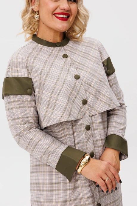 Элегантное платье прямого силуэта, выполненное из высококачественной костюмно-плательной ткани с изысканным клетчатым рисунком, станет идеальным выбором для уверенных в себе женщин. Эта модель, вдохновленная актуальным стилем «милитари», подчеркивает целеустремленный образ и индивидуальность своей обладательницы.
-----
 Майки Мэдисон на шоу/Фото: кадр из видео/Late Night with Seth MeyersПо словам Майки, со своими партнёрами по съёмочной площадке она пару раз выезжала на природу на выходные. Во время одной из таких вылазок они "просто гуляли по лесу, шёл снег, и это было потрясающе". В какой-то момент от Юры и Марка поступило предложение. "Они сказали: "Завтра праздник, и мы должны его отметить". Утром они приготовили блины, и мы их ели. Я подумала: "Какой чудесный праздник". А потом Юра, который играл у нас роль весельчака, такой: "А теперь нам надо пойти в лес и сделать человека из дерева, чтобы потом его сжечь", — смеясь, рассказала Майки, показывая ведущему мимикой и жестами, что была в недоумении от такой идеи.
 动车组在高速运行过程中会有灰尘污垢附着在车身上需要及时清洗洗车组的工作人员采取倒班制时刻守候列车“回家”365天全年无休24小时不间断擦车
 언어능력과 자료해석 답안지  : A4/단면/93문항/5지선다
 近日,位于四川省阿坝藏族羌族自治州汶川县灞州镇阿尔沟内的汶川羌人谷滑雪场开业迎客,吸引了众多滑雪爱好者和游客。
-----
-- Task statement --
In the records above, the line with "动车组在高速运行过程中会有灰" marks the start and the line with "近日,位于四川省阿坝藏族羌族" marks the end; copy that stretch exactly, both lines included, and nothing else.

-- Task output --
 动车组在高速运行过程中会有灰尘污垢附着在车身上需要及时清洗洗车组的工作人员采取倒班制时刻守候列车“回家”365天全年无休24小时不间断擦车
 언어능력과 자료해석 답안지  : A4/단면/93문항/5지선다
 近日,位于四川省阿坝藏族羌族自治州汶川县灞州镇阿尔沟内的汶川羌人谷滑雪场开业迎客,吸引了众多滑雪爱好者和游客。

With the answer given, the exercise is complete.